→ TASK REQUIREMENTS:
Omit all pictures and transcribe only the lines in the entries below that run from the line with "Màng lọc RO" through the line with "Vintage table top, 25".

→ ENTRIES PROVIDED:
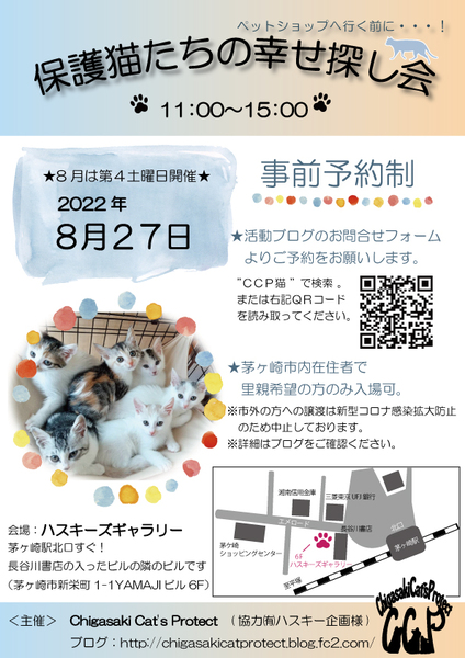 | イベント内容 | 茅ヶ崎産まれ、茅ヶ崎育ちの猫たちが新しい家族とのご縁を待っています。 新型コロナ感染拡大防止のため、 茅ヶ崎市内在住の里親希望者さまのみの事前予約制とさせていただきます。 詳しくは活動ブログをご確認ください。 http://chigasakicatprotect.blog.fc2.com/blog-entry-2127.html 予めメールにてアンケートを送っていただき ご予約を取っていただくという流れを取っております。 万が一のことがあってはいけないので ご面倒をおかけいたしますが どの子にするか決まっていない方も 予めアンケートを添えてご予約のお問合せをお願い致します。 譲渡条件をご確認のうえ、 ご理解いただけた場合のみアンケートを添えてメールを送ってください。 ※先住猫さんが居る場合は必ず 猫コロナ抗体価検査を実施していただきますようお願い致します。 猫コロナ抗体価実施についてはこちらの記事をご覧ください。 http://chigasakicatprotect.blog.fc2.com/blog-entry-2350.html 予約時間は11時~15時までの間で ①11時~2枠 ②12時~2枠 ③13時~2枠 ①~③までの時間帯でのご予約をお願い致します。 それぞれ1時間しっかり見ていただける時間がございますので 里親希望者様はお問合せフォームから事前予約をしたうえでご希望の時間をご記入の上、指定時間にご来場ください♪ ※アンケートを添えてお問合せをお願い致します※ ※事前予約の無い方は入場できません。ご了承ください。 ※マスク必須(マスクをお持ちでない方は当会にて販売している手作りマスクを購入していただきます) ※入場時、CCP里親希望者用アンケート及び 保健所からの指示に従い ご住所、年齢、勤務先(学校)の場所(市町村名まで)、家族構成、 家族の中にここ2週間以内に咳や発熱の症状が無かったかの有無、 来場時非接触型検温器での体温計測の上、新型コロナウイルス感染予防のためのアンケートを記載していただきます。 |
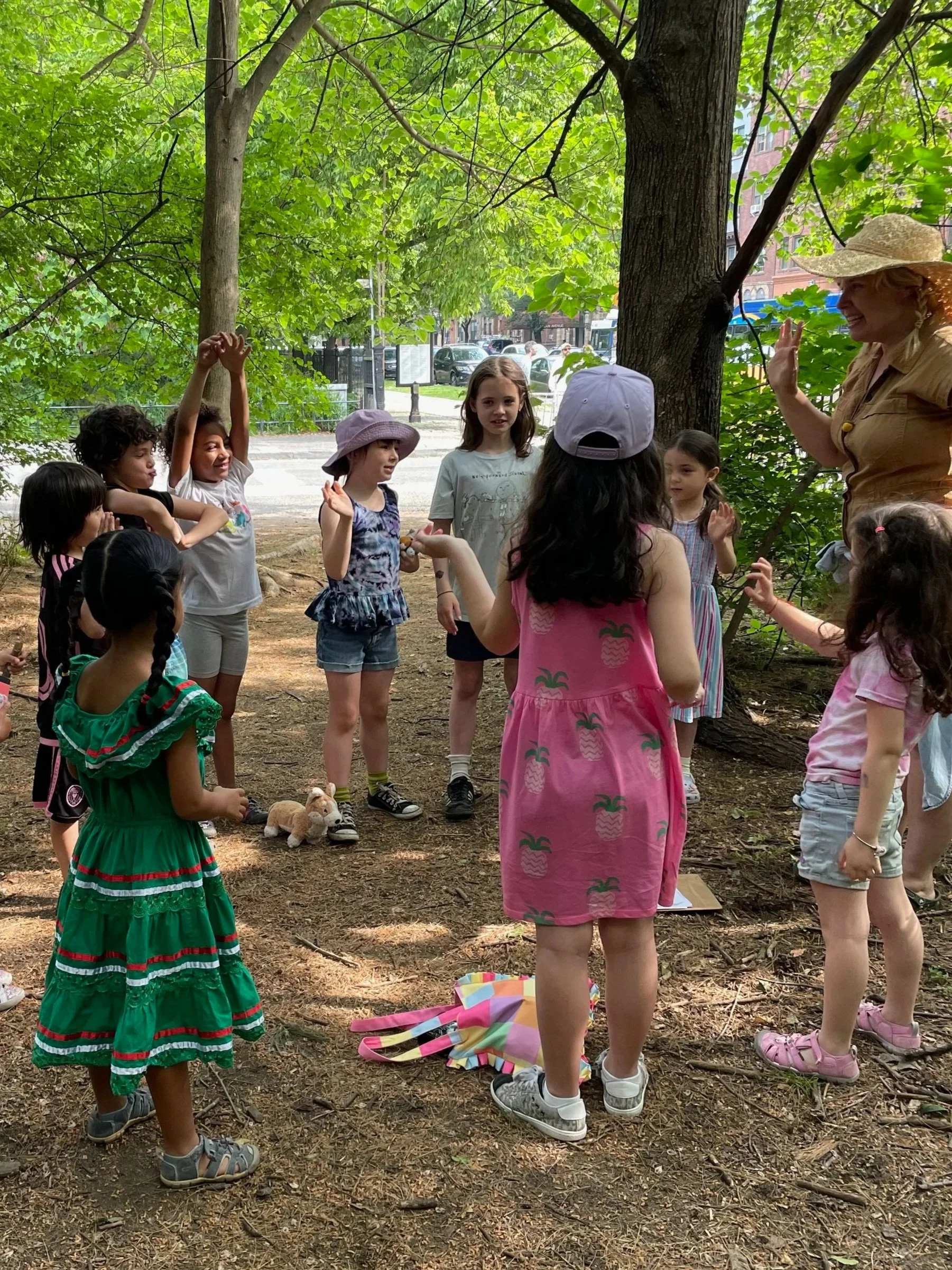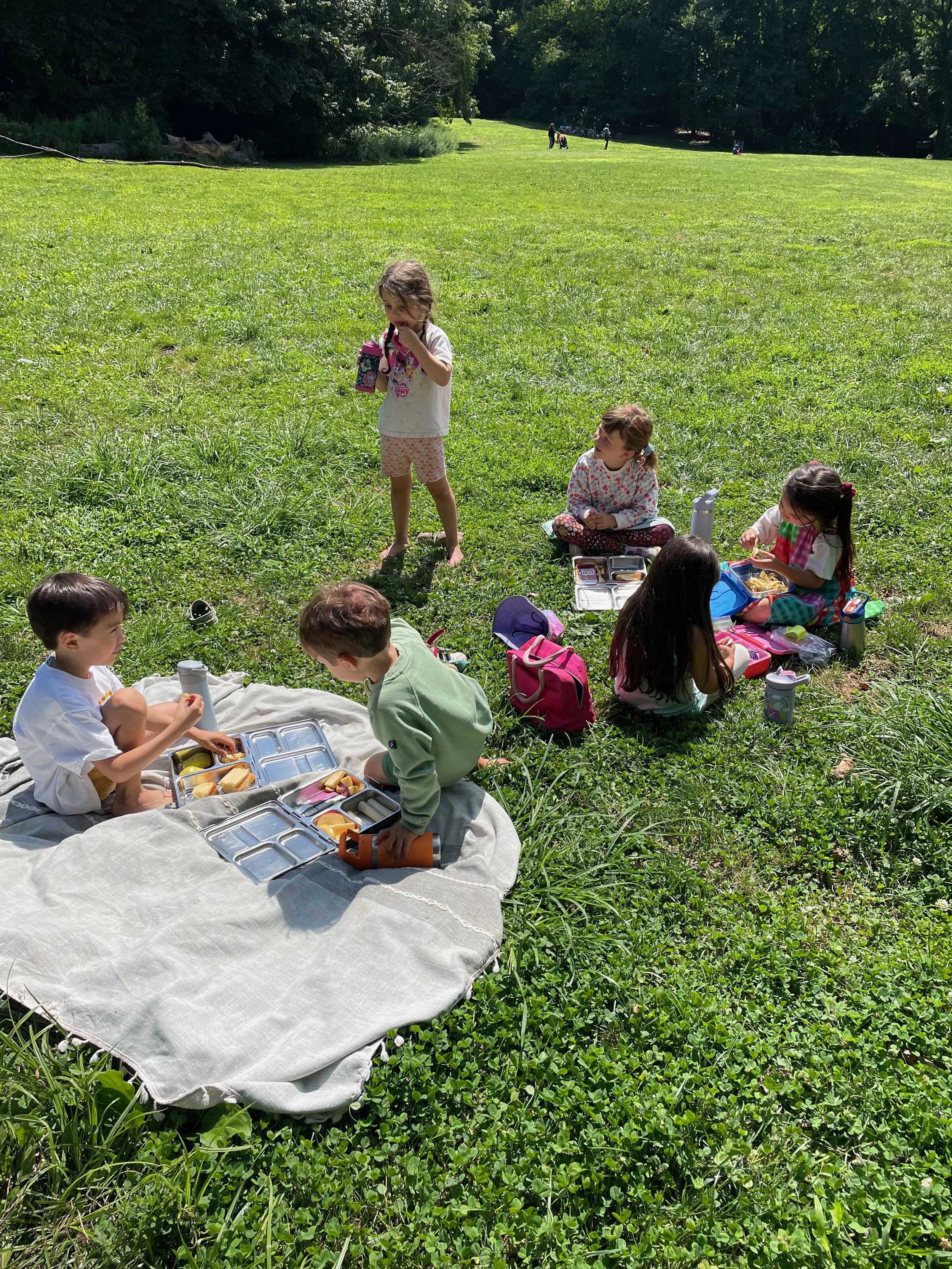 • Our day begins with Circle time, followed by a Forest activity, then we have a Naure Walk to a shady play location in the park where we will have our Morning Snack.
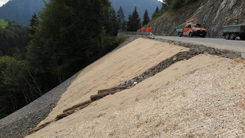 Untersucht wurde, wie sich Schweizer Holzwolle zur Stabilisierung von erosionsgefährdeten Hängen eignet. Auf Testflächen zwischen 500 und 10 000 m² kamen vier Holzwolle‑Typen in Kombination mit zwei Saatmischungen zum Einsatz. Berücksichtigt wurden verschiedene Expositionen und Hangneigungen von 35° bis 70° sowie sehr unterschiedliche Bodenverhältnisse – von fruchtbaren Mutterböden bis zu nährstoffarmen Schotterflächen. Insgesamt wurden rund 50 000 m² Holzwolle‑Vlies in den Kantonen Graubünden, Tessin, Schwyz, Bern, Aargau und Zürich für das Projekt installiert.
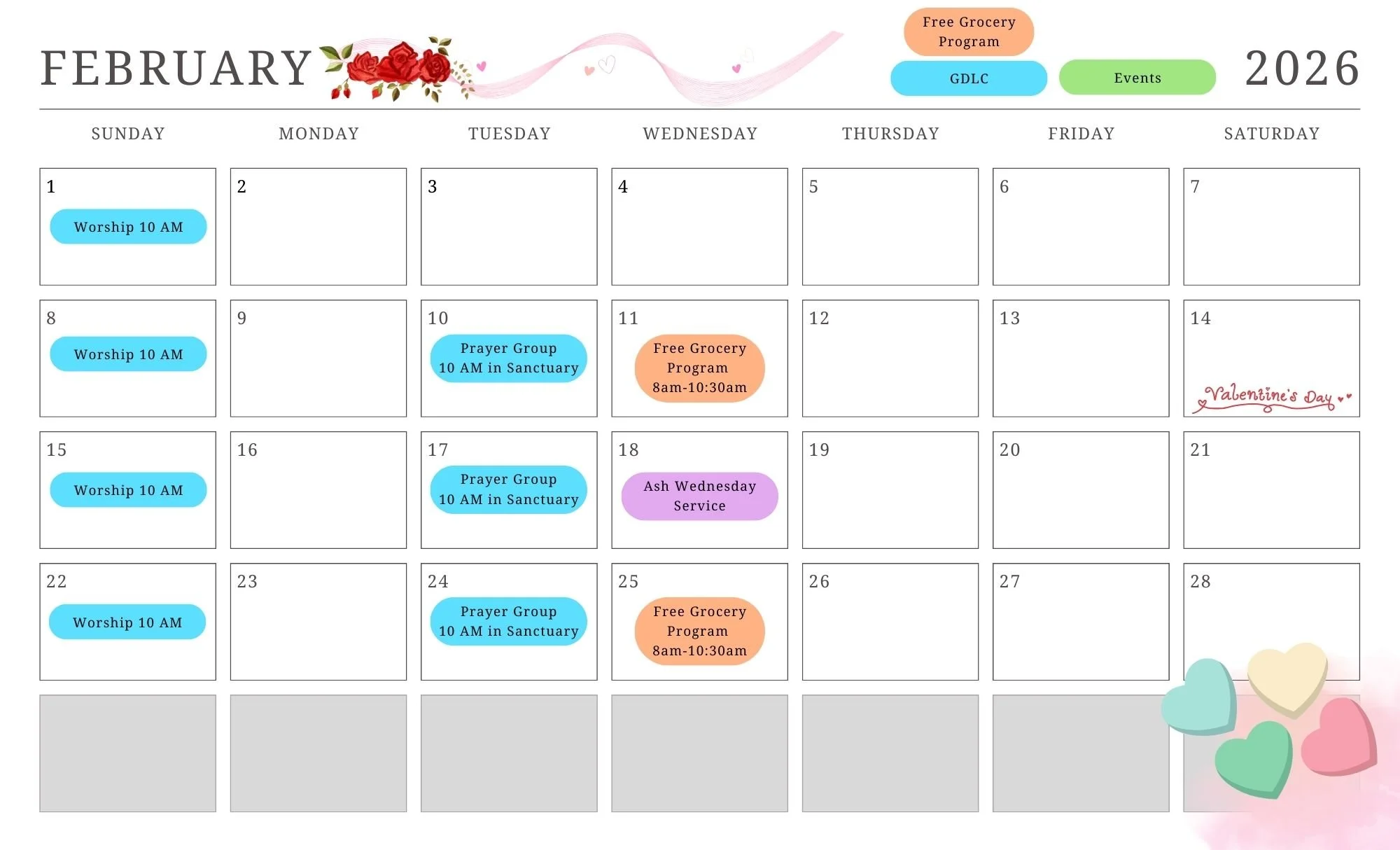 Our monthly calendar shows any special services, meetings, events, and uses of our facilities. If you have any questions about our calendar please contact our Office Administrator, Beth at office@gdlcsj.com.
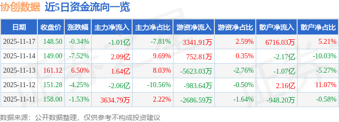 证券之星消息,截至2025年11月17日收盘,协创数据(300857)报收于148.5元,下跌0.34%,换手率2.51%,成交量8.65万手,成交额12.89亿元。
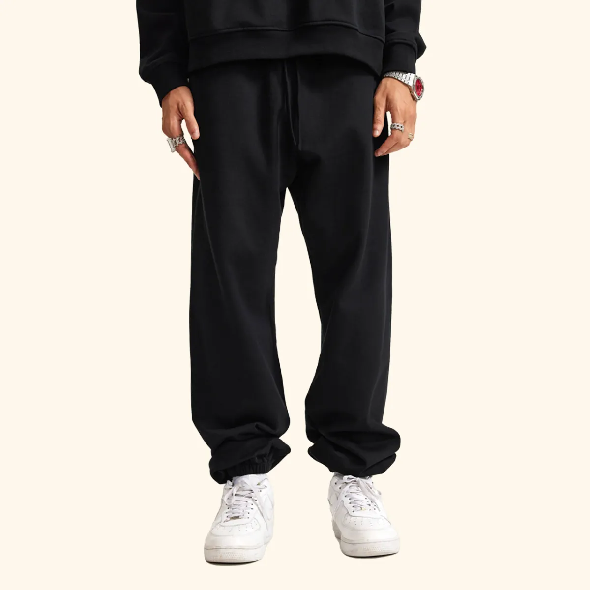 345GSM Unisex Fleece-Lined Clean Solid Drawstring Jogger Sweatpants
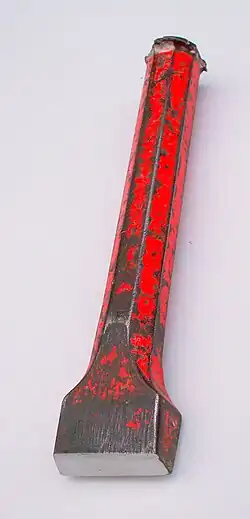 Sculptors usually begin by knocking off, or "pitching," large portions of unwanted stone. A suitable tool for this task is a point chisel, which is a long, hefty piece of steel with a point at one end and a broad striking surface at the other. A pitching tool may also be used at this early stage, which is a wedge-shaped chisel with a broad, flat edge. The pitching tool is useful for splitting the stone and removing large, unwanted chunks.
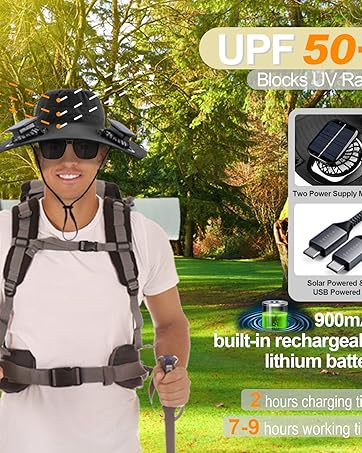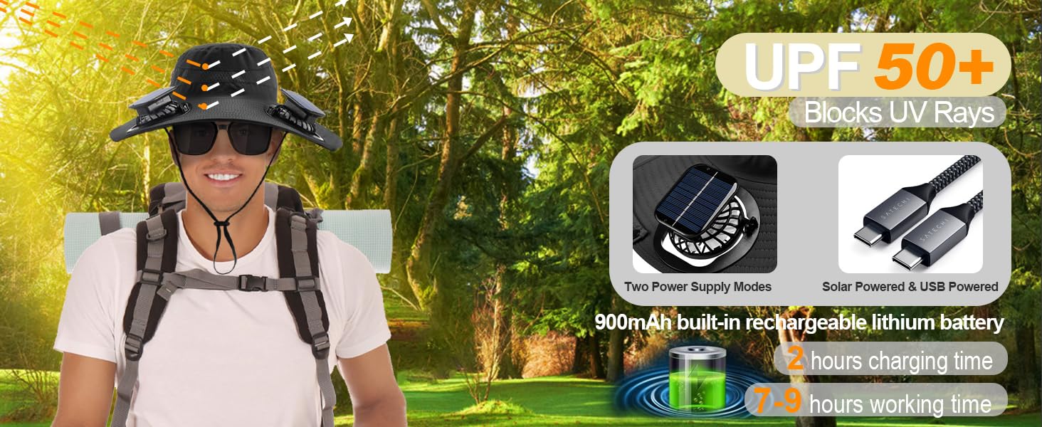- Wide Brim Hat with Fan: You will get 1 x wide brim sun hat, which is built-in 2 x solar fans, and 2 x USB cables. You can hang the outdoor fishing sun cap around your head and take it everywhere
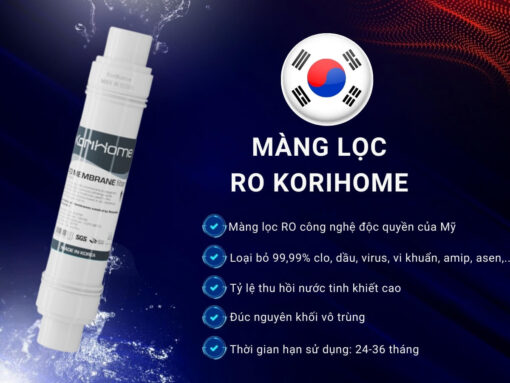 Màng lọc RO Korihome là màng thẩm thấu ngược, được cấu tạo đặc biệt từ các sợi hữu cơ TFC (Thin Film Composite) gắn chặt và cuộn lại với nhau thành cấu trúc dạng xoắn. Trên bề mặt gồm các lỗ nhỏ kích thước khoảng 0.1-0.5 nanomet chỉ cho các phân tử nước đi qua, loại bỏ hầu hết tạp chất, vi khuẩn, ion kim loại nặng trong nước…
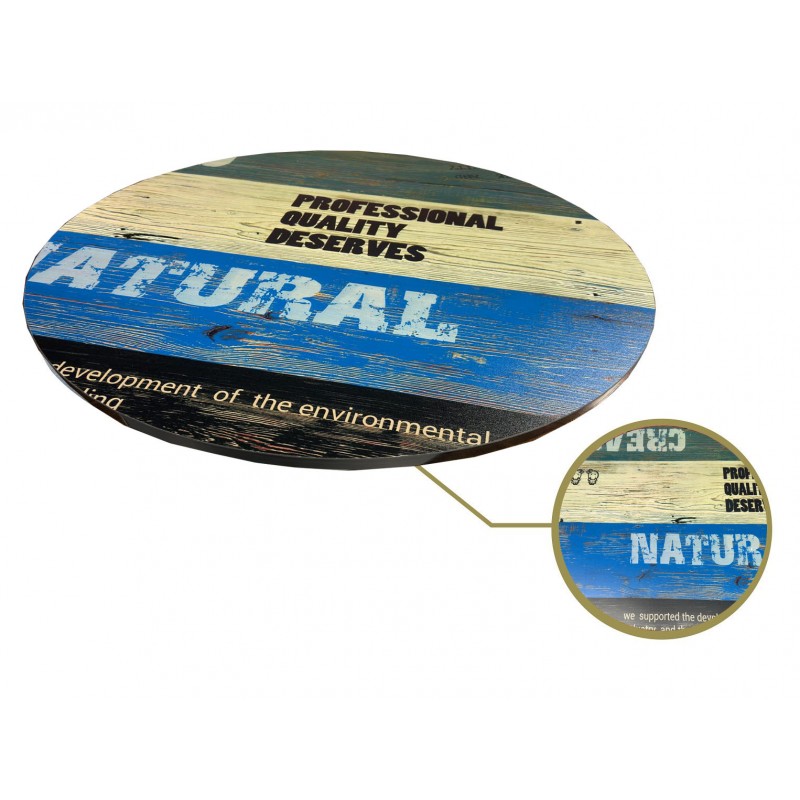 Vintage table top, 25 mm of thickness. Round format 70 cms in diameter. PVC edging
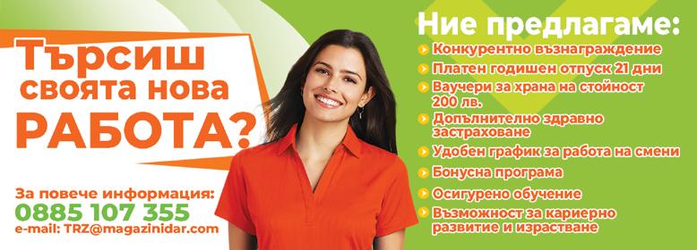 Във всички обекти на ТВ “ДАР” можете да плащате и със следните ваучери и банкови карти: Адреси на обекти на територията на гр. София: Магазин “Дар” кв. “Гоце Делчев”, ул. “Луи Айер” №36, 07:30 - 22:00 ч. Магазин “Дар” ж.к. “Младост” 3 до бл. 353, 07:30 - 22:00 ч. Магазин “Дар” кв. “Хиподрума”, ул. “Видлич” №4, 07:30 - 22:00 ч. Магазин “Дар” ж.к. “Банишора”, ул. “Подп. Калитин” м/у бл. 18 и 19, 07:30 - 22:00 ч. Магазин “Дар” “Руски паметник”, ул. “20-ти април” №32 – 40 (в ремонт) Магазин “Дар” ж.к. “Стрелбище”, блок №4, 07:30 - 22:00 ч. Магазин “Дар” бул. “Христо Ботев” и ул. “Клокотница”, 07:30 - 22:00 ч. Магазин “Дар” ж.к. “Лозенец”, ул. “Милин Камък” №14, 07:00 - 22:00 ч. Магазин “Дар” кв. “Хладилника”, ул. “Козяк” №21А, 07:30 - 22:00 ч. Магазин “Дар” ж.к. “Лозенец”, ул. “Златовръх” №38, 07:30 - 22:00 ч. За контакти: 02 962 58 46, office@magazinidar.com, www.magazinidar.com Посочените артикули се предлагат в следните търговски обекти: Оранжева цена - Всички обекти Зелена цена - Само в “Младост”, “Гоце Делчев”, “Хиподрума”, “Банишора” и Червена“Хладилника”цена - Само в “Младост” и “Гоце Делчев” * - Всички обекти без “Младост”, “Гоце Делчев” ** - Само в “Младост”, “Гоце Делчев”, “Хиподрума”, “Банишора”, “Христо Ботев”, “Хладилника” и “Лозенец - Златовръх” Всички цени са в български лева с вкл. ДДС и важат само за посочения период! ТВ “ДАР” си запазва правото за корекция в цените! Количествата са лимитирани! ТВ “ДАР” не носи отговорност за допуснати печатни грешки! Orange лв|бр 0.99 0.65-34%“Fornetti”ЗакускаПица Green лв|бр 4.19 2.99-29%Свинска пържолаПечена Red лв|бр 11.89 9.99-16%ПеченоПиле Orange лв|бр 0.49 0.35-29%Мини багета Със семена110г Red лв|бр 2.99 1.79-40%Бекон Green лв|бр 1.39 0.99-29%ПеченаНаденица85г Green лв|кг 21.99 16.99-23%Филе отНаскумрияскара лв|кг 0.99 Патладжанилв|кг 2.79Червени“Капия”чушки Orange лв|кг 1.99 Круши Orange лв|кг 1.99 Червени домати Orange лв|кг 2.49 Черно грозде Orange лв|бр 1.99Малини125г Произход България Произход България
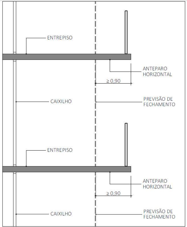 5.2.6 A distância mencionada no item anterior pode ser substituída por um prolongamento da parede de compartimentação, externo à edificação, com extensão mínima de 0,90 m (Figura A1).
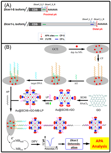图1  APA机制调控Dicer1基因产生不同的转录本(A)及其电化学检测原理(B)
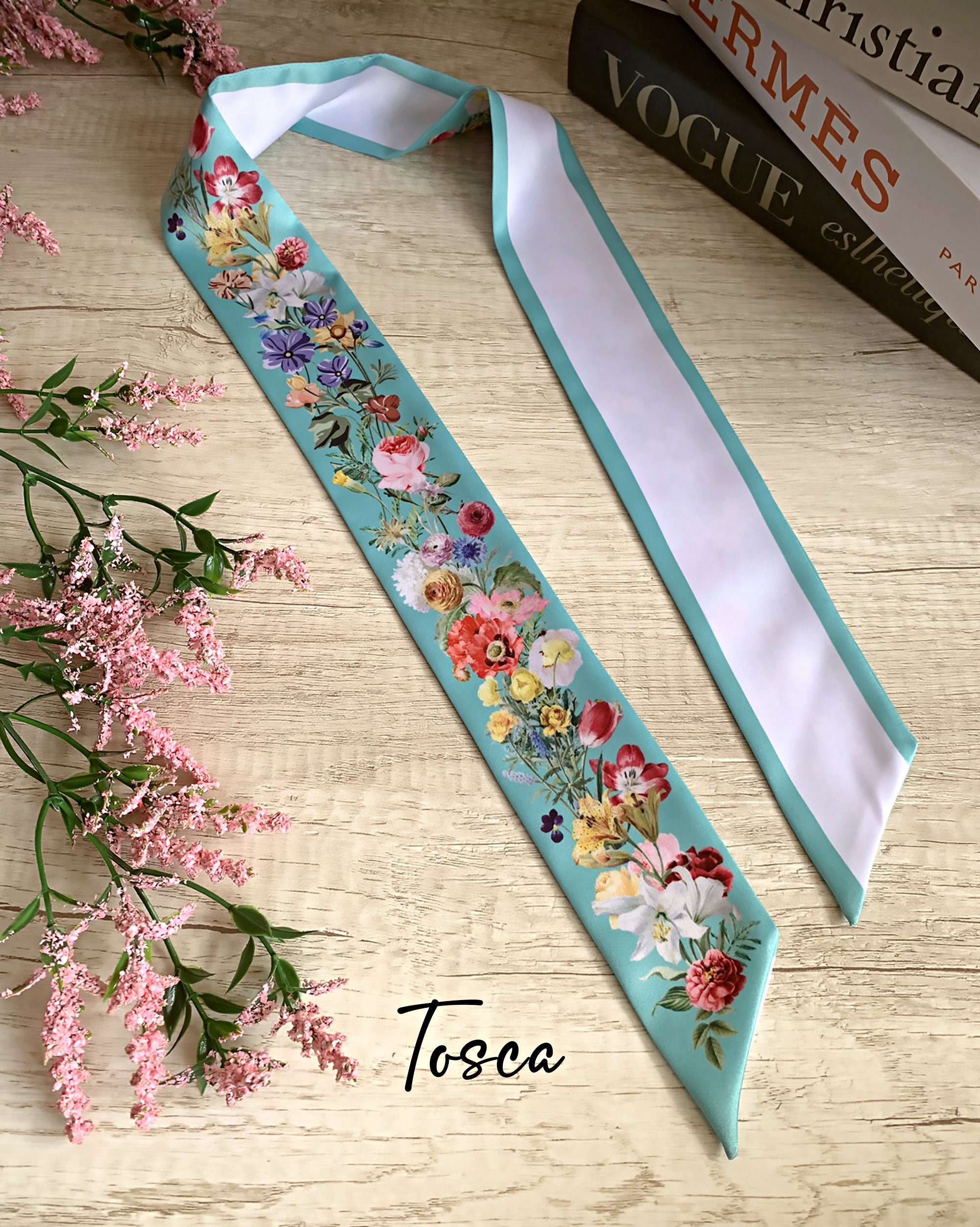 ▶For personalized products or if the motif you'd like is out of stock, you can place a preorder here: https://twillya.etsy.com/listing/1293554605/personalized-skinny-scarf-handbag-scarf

→ EXERCISE SOLUTION:
 Màng lọc RO Korihome là màng thẩm thấu ngược, được cấu tạo đặc biệt từ các sợi hữu cơ TFC (Thin Film Composite) gắn chặt và cuộn lại với nhau thành cấu trúc dạng xoắn. Trên bề mặt gồm các lỗ nhỏ kích thước khoảng 0.1-0.5 nanomet chỉ cho các phân tử nước đi qua, loại bỏ hầu hết tạp chất, vi khuẩn, ion kim loại nặng trong nước…
 Vintage table top, 25 mm of thickness. Round format 70 cms in diameter. PVC edging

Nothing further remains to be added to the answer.